**SOURCE DATA**
>>
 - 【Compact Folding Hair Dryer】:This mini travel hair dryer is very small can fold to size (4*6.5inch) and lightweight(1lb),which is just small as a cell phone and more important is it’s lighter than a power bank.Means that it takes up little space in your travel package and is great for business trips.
<<
>>
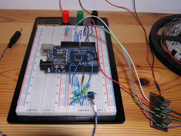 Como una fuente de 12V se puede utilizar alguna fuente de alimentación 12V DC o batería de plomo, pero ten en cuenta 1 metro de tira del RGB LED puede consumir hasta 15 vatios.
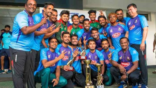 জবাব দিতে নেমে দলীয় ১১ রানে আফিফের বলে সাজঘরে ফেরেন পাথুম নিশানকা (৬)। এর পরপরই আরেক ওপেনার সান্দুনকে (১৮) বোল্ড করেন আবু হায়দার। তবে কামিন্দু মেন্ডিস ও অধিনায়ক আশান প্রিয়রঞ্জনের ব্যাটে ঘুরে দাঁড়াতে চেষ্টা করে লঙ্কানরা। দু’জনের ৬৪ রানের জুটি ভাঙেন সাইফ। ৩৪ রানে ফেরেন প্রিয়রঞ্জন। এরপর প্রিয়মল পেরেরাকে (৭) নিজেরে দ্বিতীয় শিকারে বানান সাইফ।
<<
>>
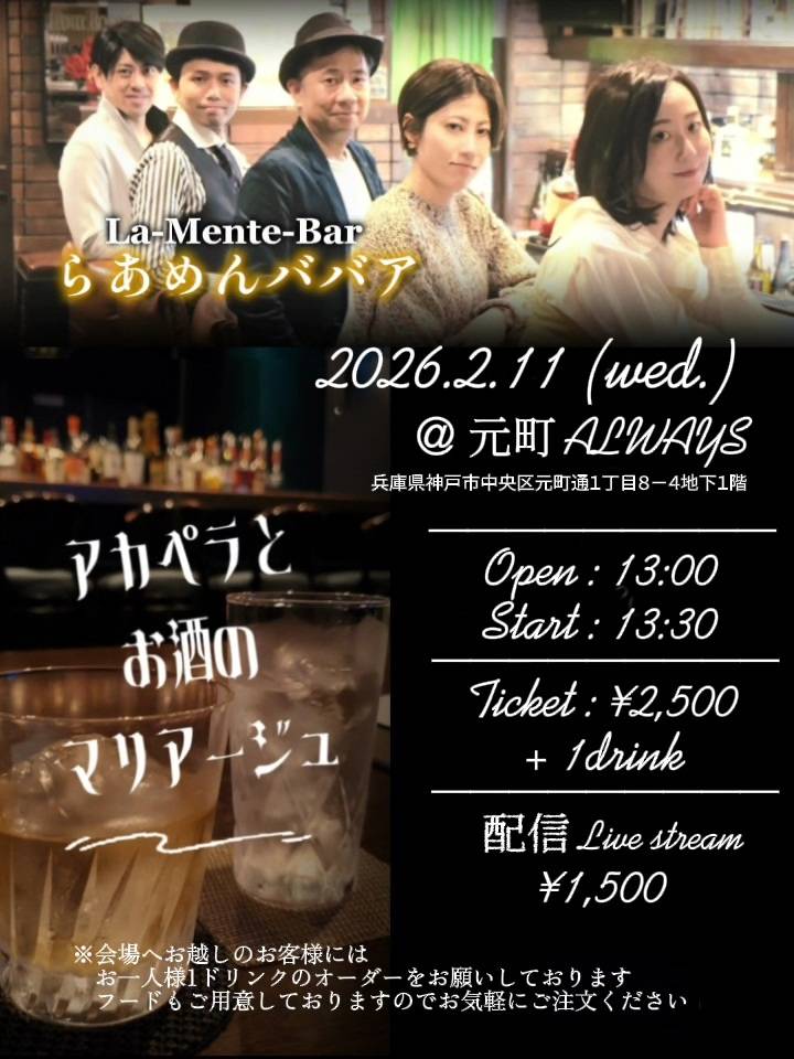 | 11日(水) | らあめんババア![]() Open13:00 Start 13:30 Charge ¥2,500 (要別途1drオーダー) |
<<
**GOAL OF THE EXERCISE**
What is needed is an exact copy of only the lines above from the one with "Como una fuente" to the one with "জবাব দিতে নেমে", both kept, with every picture left out.

**YOUR RESPONSE**
 Como una fuente de 12V se puede utilizar alguna fuente de alimentación 12V DC o batería de plomo, pero ten en cuenta 1 metro de tira del RGB LED puede consumir hasta 15 vatios.
 জবাব দিতে নেমে দলীয় ১১ রানে আফিফের বলে সাজঘরে ফেরেন পাথুম নিশানকা (৬)। এর পরপরই আরেক ওপেনার সান্দুনকে (১৮) বোল্ড করেন আবু হায়দার। তবে কামিন্দু মেন্ডিস ও অধিনায়ক আশান প্রিয়রঞ্জনের ব্যাটে ঘুরে দাঁড়াতে চেষ্টা করে লঙ্কানরা। দু’জনের ৬৪ রানের জুটি ভাঙেন সাইফ। ৩৪ রানে ফেরেন প্রিয়রঞ্জন। এরপর প্রিয়মল পেরেরাকে (৭) নিজেরে দ্বিতীয় শিকারে বানান সাইফ।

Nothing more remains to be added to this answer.